YOUR GOAL »
Exactly as written, output each of the lines below, with no images.

DATA SECTION »
_ _ _

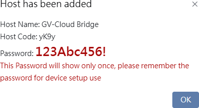 The message “Host has been added” will be displayed. Keep the Host Code and Password
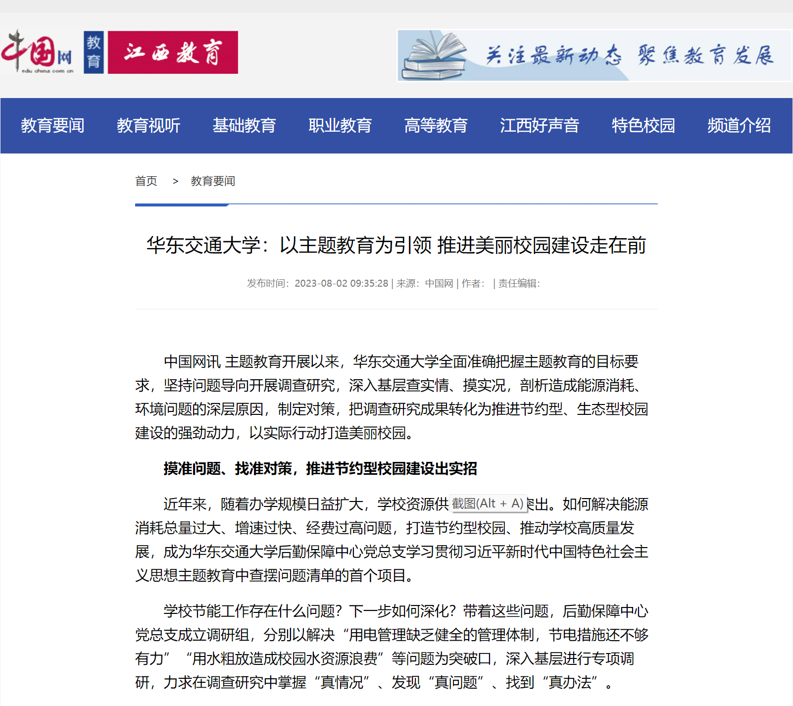 主题教育开展以来,华东交通大学全面准确把握主题教育的目标要求,坚持问题导向开展调查研究,深入基层查实情、摸实况,剖析造成能源消耗、环境问题的深层原因,制定对策,把调查研究成果转化为推进节约型、生态型校园建设的强劲动力,以实际行动打造美丽校园。
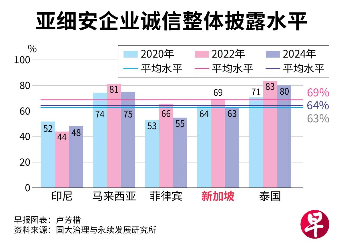 新加坡国立大学商学院的治理与永续发展研究所(CGS)星期一(2月10日)发布最新的《2024年亚细安企业诚信披露报告》(Corporate Disclosure on Business Integrity in ASEAN 2024)显示,亚细安的250家受评估企业平均披露得分从2022年的69%,在2024年下降至64%。

_ _ _

RESPONSE TO THIS EXERCISE »
 The message “Host has been added” will be displayed. Keep the Host Code and Password
 主题教育开展以来,华东交通大学全面准确把握主题教育的目标要求,坚持问题导向开展调查研究,深入基层查实情、摸实况,剖析造成能源消耗、环境问题的深层原因,制定对策,把调查研究成果转化为推进节约型、生态型校园建设的强劲动力,以实际行动打造美丽校园。
 新加坡国立大学商学院的治理与永续发展研究所(CGS)星期一(2月10日)发布最新的《2024年亚细安企业诚信披露报告》(Corporate Disclosure on Business Integrity in ASEAN 2024)显示,亚细安的250家受评估企业平均披露得分从2022年的69%,在2024年下降至64%。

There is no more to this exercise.